I spoke today in the Humphrey Seminar about the internal policies of Brazilian president Lula Da Silva. Lula has remarkably transformed his country as a great change-maker and emerged as a global mediator on key world issues.
President Lula has managed to reduced poverty in Brazil by 27% and brought down inequality ratio by 20% with the help of his economic initiative called Bolsa Familia, which means family stipend. Launched in 2003, Bolsa Familia is the world’s largest cash transfer program for the poor people. It’s a financial assistance offered to families ( maximum three children) to go to school and get vaccinated. The scheme costs 0.5% of Brazilian GDP. It covers 11.2 million families and 44 million Brazilians.

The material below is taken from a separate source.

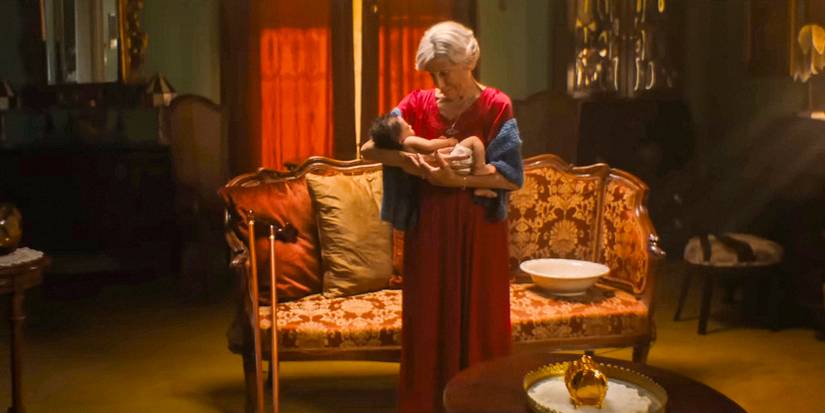 En última instancia, a pesar de algunas ediciones efectivamente engañosas y tomas visualmente cargadas, No parece que Solange sea realmente sobrenatural en La sala del frenteEstos momentos parecen estar más arraigados en la perspectiva de Belinda sobre la vida con Solange, visualizando sus miedos al pintar a Solange como una Virgen María que cuida perfectamente a sus hijos cuando ella tiene dificultades para amamantar. Estos momentos parecen estar arraigados en la cabeza de Belinda, pero Solange refuerza la imagen al intentar repetidamente imponer sus creencias y dogmas a Belinda y su familia. Es casi abrumador, lo que le da un aire antinatural.

Former World Bank President Paul Wolfowitz, while admiring the Bolsa Familia initiative, commented: “ Bolsa Familia has already become a highly praised model of effective social policy. Countries around the world are drawing lessons from Brazil’s experience and are tyring to produce the same resulsts for their own people.”
Another policy that has led to a significant change in Brazil under the leadership of President Lula is his 2003 initiative called Fome Zero, which means Zero Starvation. The project, which is intended to eradicate poverty and hunger from Brazil, provides direct financial support or help in small business strategies like opening up restaurants etc. Because of this successful project, child enrollment in Brazil has dramatically declined because poor students are offered free meals at schools. It has also helped Brazil to grapple with the issue of child labor.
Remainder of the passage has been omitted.